┌─ INPUT DATA
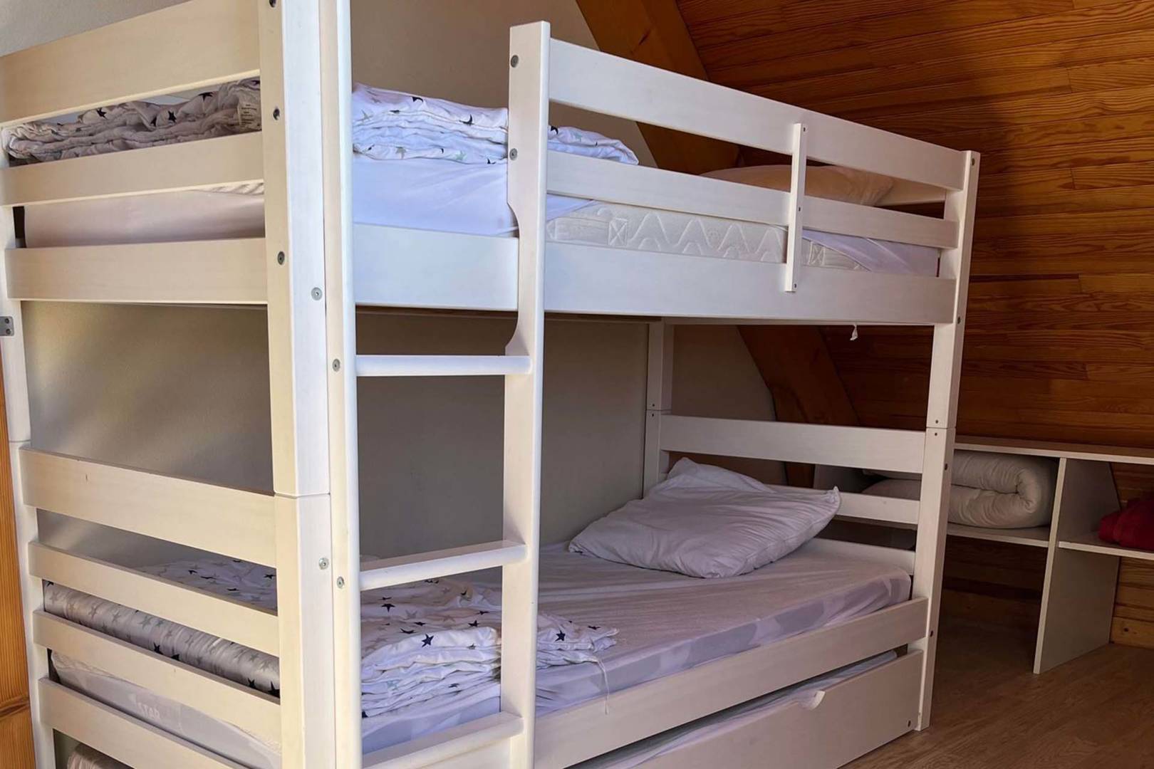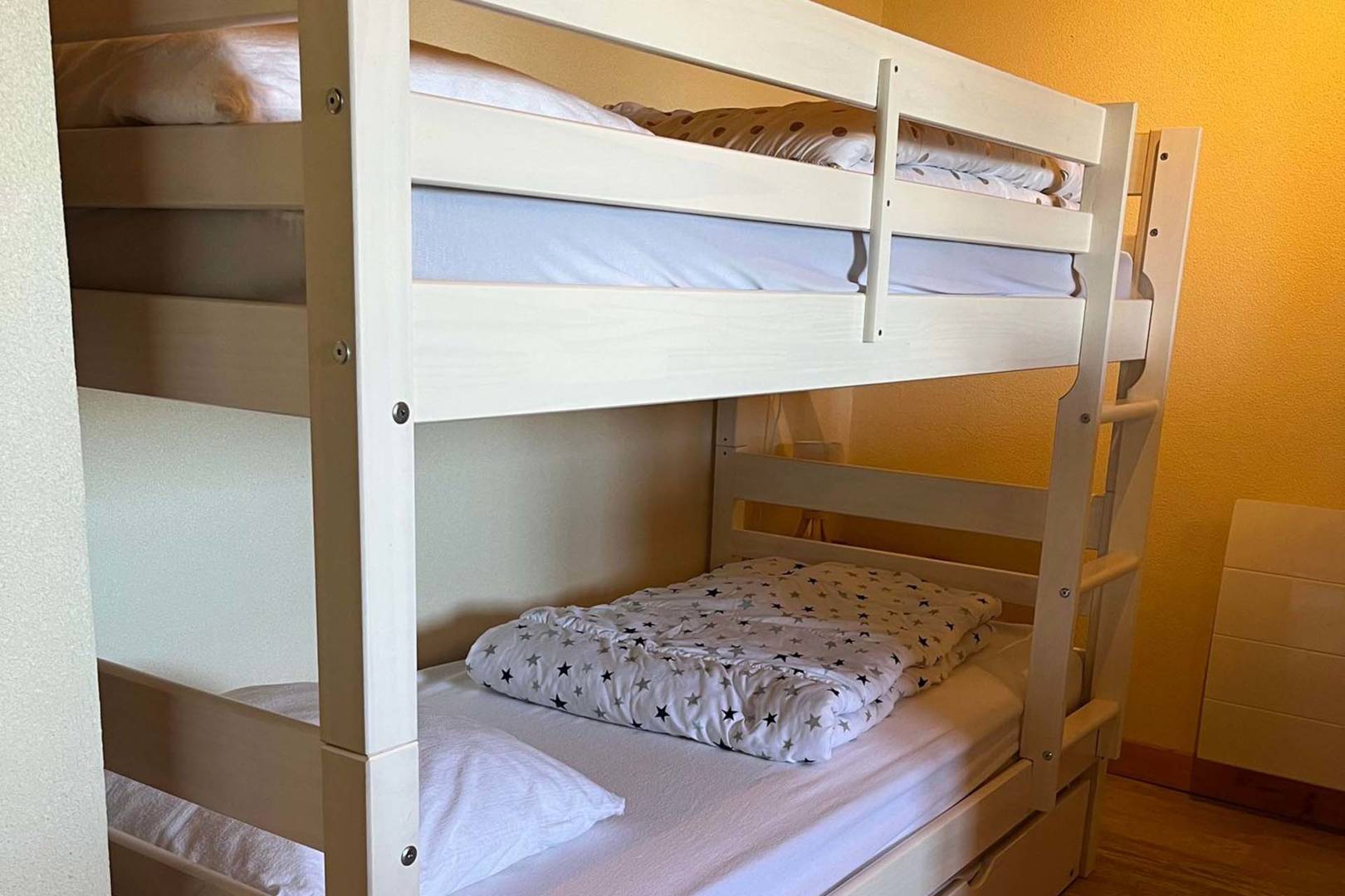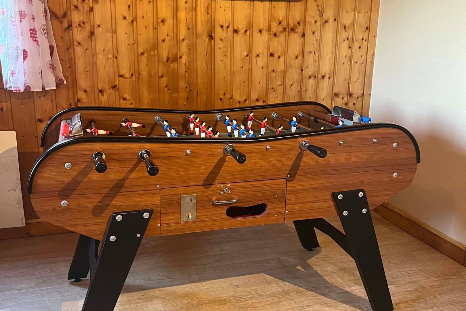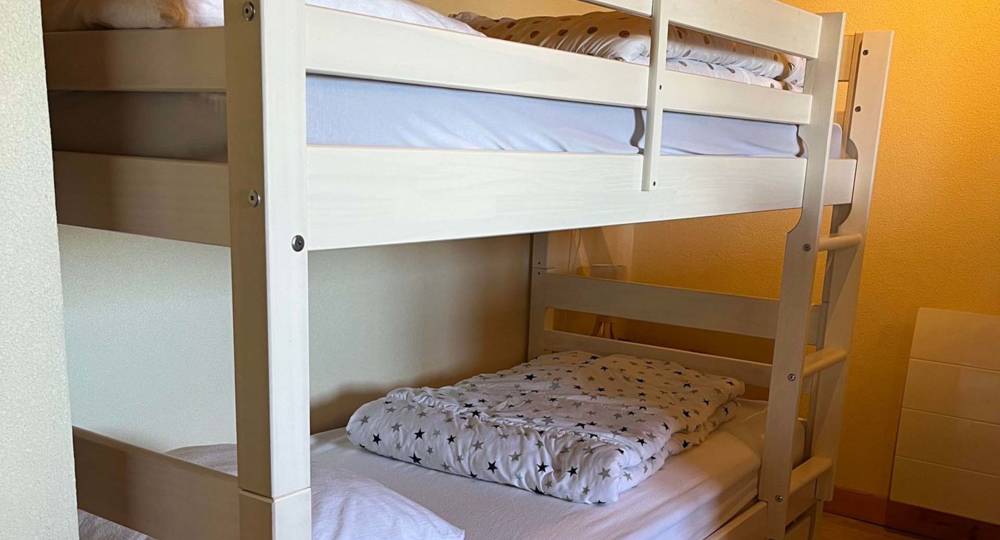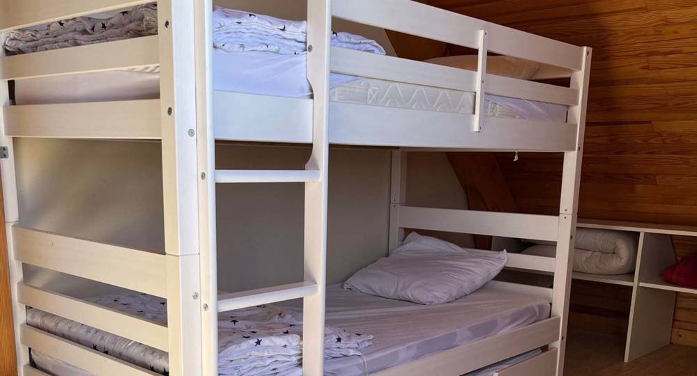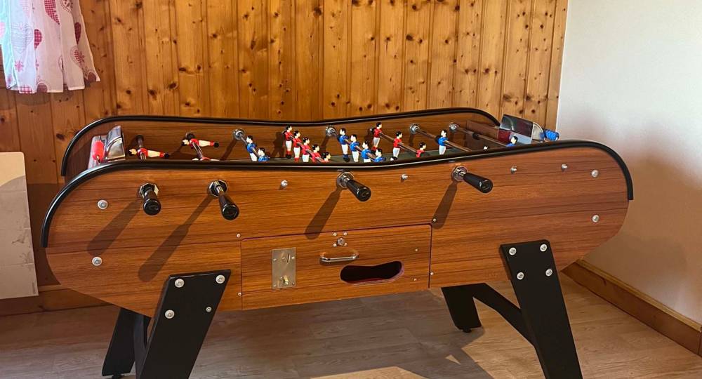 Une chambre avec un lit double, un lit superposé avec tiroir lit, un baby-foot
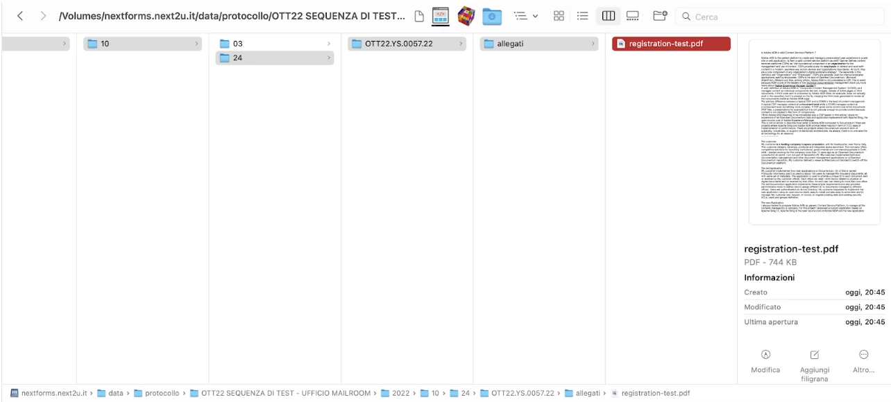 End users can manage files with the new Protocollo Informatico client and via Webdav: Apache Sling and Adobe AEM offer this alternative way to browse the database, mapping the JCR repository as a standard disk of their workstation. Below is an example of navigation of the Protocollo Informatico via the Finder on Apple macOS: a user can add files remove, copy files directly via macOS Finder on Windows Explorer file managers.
└─
┌─ INPUT DATA
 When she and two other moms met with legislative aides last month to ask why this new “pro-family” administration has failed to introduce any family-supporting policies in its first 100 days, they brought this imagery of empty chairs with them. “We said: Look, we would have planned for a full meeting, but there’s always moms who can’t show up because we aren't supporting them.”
└─
┌─ INPUT DATA
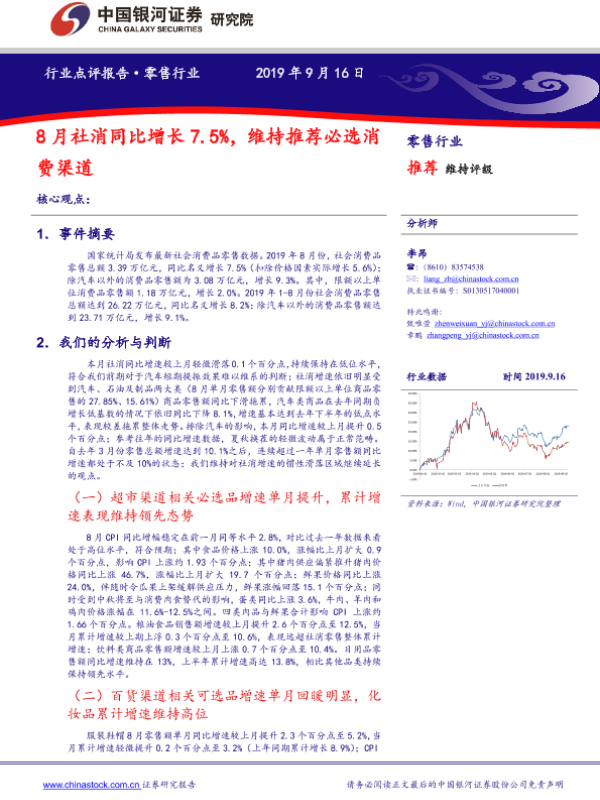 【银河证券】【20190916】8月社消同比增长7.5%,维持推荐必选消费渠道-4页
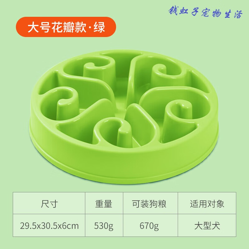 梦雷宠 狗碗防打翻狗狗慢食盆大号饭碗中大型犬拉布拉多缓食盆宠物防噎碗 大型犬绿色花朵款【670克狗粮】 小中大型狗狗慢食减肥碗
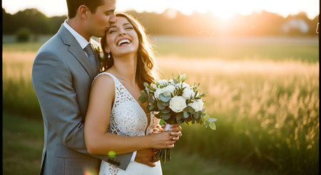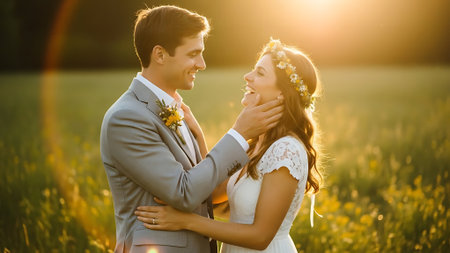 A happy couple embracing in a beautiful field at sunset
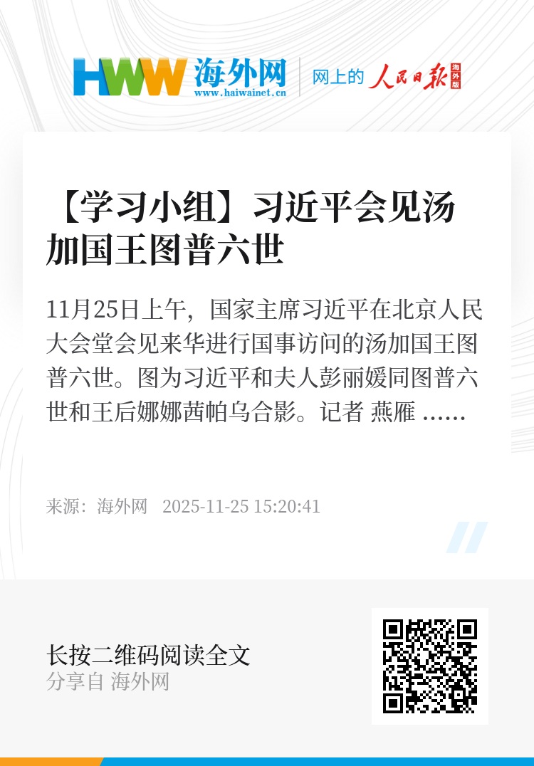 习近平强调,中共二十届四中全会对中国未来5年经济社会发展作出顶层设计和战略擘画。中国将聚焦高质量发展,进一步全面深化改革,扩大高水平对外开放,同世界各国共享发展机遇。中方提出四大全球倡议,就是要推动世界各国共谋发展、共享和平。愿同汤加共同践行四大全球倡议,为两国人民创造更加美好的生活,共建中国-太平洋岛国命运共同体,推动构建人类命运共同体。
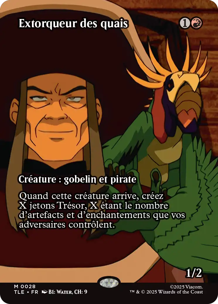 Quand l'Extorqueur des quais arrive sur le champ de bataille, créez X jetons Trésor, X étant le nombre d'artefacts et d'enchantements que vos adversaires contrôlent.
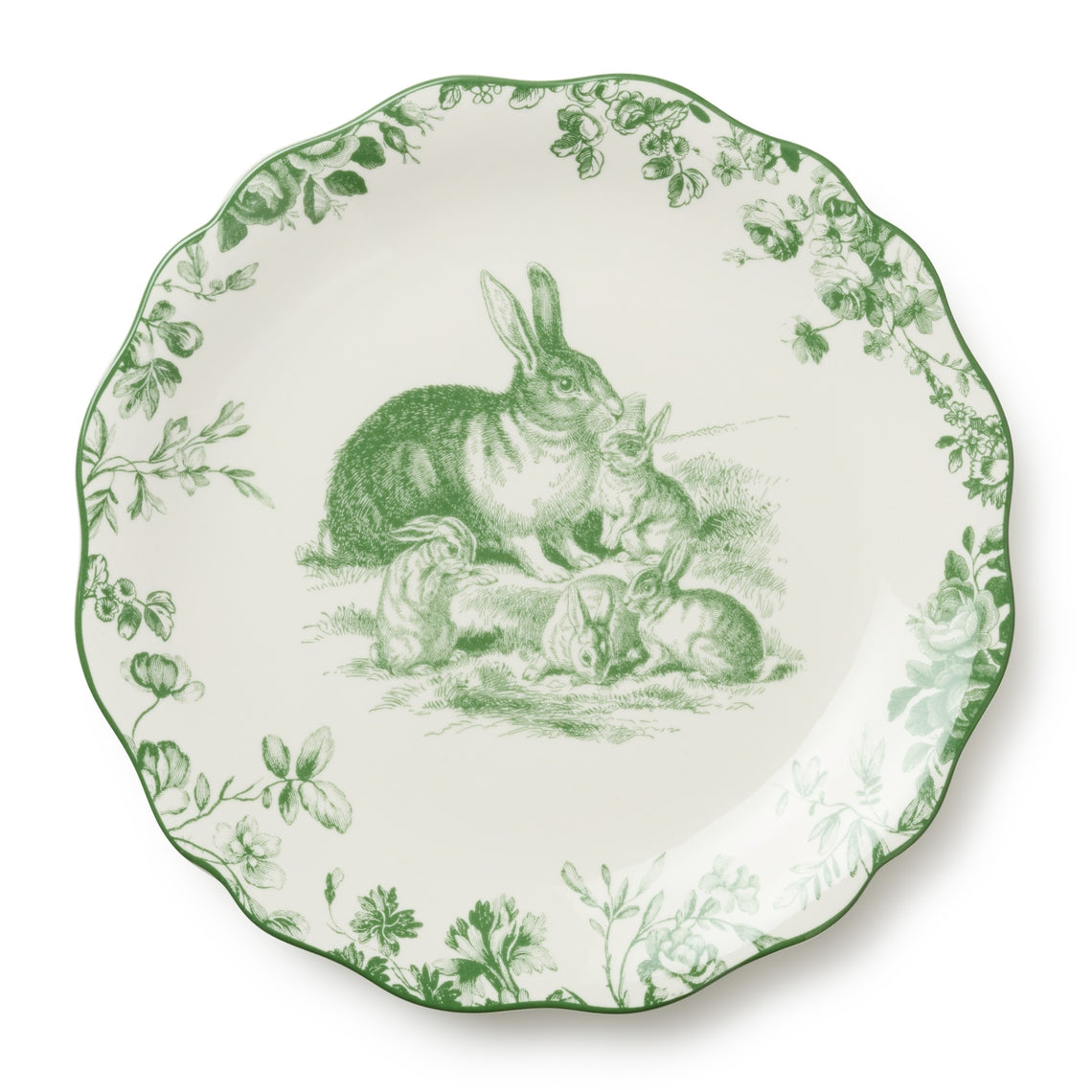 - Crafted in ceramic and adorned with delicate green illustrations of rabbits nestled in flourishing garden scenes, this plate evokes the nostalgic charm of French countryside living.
└─
Precisely those lines above that run from the line with "梦雷宠 狗碗防打翻狗狗慢食盆大号饭碗中大型犬拉布拉多缓食盆宠物防噎碗 大型犬绿色花朵款【670克狗粮】" up to and including the line with "- Crafted in" are to be set down, with the pictures omitted.

 梦雷宠 狗碗防打翻狗狗慢食盆大号饭碗中大型犬拉布拉多缓食盆宠物防噎碗 大型犬绿色花朵款【670克狗粮】 小中大型狗狗慢食减肥碗
 A happy couple embracing in a beautiful field at sunset
 习近平强调,中共二十届四中全会对中国未来5年经济社会发展作出顶层设计和战略擘画。中国将聚焦高质量发展,进一步全面深化改革,扩大高水平对外开放,同世界各国共享发展机遇。中方提出四大全球倡议,就是要推动世界各国共谋发展、共享和平。愿同汤加共同践行四大全球倡议,为两国人民创造更加美好的生活,共建中国-太平洋岛国命运共同体,推动构建人类命运共同体。
 Quand l'Extorqueur des quais arrive sur le champ de bataille, créez X jetons Trésor, X étant le nombre d'artefacts et d'enchantements que vos adversaires contrôlent.
 - Crafted in ceramic and adorned with delicate green illustrations of rabbits nestled in flourishing garden scenes, this plate evokes the nostalgic charm of French countryside living.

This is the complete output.